Lahore is the core of Pakistan's media and arts scene. Pakistan's most prestigious art college, National College of Arts, is located here. Every year, it hosts the World Performing Arts Festival, in which artists from dozens of countries show off their talents. This festival is managed by the Peerzada group, which is also the largest puppetry theater company in Pakistan. Lahore is also home to the country's developing fashion industry, supported by numerous designer outlets and the country's most prestigious fashion school, the Pakistan School of Fashion Design, which has some of the best photo studios and photographers in the country.

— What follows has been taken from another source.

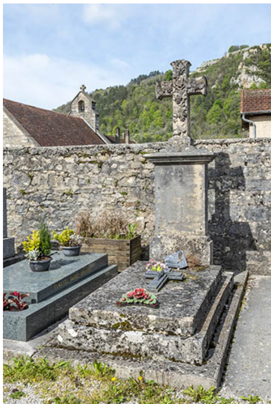
Tombe de Charles Rouget.

39, Salins-les-Bains, chemin des Côteaux

Lahore has also been home to Pakistan's old classical music, ghazals and Qawwalis, with big names such as Noor Jehan, Arif Lohar, Nusrat Fateh Ali Khan, Mehdi Hassan and Ghulam Ali residing in the city. In recent years Lahore has produced some of Pakistan's greatest pop singers, such as Atif Aslam and Ali Zafar. The city is recognized as the birthplace of South Asia's modern rock scene thanks to popular bands like Jal, Call, Roxen, Noori and Entity Paradigm, some of whose songs have been featured in Bollywood films.

Pakistan's film industry is based in the city and is called Lollywood. Many films are filmed in Lahore and the city has some of the oldest film studios in the country. Many actors and directors are based in Lahore, which brings many artists together to launch films. Cinema's popularity is on the upswing again in recent years and IMAX is building outlets in the city. Several FM radio stations and television stations have set up their operations here. Lahore is home to Geo TV's Infotainment Division and Pakistan's first children's television channel, Wikid, as well as Pakistan's first community channel, Asset Plus (available only in DHA Lahore) and lifestyle channel, Value TV.